Philipsen gives a summary of the faults of GDP (pp. 156-157). And he is correct that as a measure of final production, weighted by market prices, GDP fails in a lot of ways. Indeed, market prices don’t qualify as morally correct weights. But in a secular nation, founded on the moral individualism and relativism of the Enlightenment, what is an acceptable substitute?  Philipsen’s answers are not impressive, and even contradict each other. For example, he complains that human activities not caught up as measurable transactions are “culturally devalued” by GDP (p. 156).  Later, he complains that “GDP reduces human and social complexity to a market transaction” (p. 157).  Which is morally worse — cultural devaluation outside the market nexus or reductionism by the market?

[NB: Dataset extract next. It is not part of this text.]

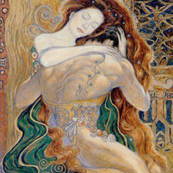 Mais la femme nécessaire à l’homme, celle qui peut le féconder de son énergie et le rendre capable d’affronter tous les dangers, de surmonter toutes les épreuves, d’accomplir toutes les actions héroïques, ne peut être que la femme libre et sacrée, incarnation de la divinité, et non cette image castrée d’eux-mêmes que les hommes des sociétés phallocratiques se sont fabriquée et qu’ils tiennent à leur merci, à leur plus grand détriment d’ailleurs. Et cette femme sacrée est d’essence solaire, comme la Déesse-mère Cosmique, comme Iseult la blonde et les grandes reines de la tradition mythologique, comme toutes les princesses aux cheveux d’or des contes et légendes populaires. Mario Mercier (La Nature et le sacré. Ed. Dangles.) qui l’évoque selon la tradition chamanique (laquelle rejoint en un certain nombre de points la tradition druidique) parle ainsi d’elle : «… la femme, dont le ventre est ouvert aux puissances cosmiques de la fécondation, peut transformer les fluides viciés de l’homme en fluides bénéfiques. C’est pour cette raison qu’elle restera toujours son inspiratrice, car étant masculine sur le plan astral, elle féconde son partenaire à l’aide de son pénis de lumière… »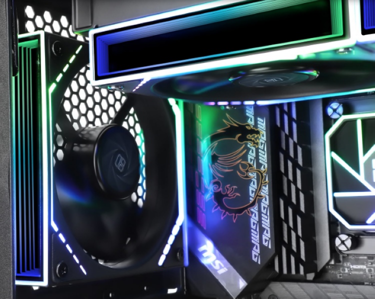 全黑配色,风扇顶部和两侧都有灯效,尤其是侧面,如下图:和冷排非常搭,也支持与板卡等背光同步。但我个人是很不喜欢这么多(乱)的RGB 灯效。

Next Philipsen considers alternatives to using GDP as a welfare measure. These range from designing a radically adjusted GDP (but still a measure of product), to ditching GDP in favor of some single, aggregated, non-economic measure of wellbeing, to a “dashboard” of indicators, that presumably lets each indicator speak for itself to policymakers. His discussion of these alternatives seemed more balanced and nuanced than much of the rest of the book.

My judgment is that policymakers already wisely look at a variety of social indicators, not just GDP. A variety of indicators provides more information than a single number that hides as much as it reveals. In fact, it has been indicators (not necessarily systematized) completely unrelated to GDP that in the past have launched various successful movements in public health, conservation, education, fuel efficiency, reducing atmospheric ozone, etc. Some reforms occurred before GDP accounts even existed. Whole Cabinet-level departments of government are guided by non-GDP indicators.

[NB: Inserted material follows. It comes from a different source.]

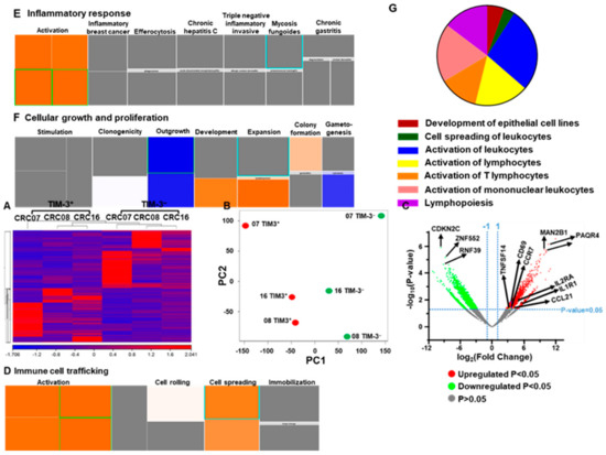 Differential gene expression of CD4+TIM-3+ and CD4+TIM-3− TILs. Hierarchical clustering of three TIM-3+ and three TIM-3− libraries (from patients CRC07, 08, and 16) on differentially expressed RNA transcripts from RNA-Sequencing data. Each column represents a sample and each row represents a transcript. Expression level of each gene in a single sample is depicted according to color scale (A). PCA plot shows the clustering of RNA transcriptome from of three TIM-3+ and TIM-3− libraries (B). Volcano plot summarizes the expression rate (log2 Fold Change) on the x-axis and the statistical significance (negative log10-transformed p values) on the y-axis. The fold changes with significant p value (>0.05) of upregulated and downregulated genes are highlighted in red and green, respectively (C). Tree map (hierarchical heat map) depicting affected functional categories based on upregulated transcripts, immune cell trafficking (D), inflammatory response (E), and cellular growth and proliferation (F). Each individual colored rectangle is a particular biological function and the color range indicates its predicted activation state: increasing (orange) or decreasing (blue). Darker colors indicate absolute Z-scores. In this default view, the size of the rectangle is correlated with increased overlap significance. Top significantly upregulated migration and metastasis-related genes in TIM-3+ T cells (Z-score of >1.45) based on ingenuity pathways analysis (IPA) analyses are shown as a pie chart (G).

My comments do not mean that GDP needs no improvement. GDP has long been adjusted for depreciation to get NDP. And more such adjustments, provided they are consistent with the foundations of national accounting, could be justified. The depletion of natural resources comes to mind.

I disagree with Philipsen that national income accounts have a primary effect on private decision making. Businesses have their own motives in taking actions — but seeing their (minuscule) contribution to GDP growth surely isn’t one of them. Conversely, I also question whether the failure of GDP to account for some things (such as depletion of natural resources) changes many private decisions.  Surely, if a firm buys rights to an oil field with large proven reserves, it can’t believe that after years of pumping it could sell the rights for as large a price as it originally paid. This is true no matter how national accounts handle resource depletion.

For most of the last two hundred years Americans did not even have GDP statistics to goad them to engage in growth-focused activities. Further, conservation and environmental movements arose to redress these economic behaviors that involved wanton destruction of nature or harm to people. In fact, Philipsen’s case against growth mania largely depends on the awareness of growth-related harms that reform movements have highlighted. In short, this book doesn’t convince me that GDP has caused our problems, or that tinkering with it will cure them. Other things are at work.

This book deserves one and a half cheers. Its cautionary story of the creation of GNP accounting is eye-opening, and well told. The list of ways that GDP could be improved, even as a measure of production, contains both good and questionable ideas — but all provoke thought. The book easily could be used as a directory of research criticizing GDP. But ultimately, the thesis that GDP statistics are all-important in leading us astray seems flawed.

Donald E. Frey, now retired, taught national income and product accounts for years as part of the macroeconomics curriculum at Wake Forest University.  He is the author of America’s Economic Moralists (SUNY Press, 2009).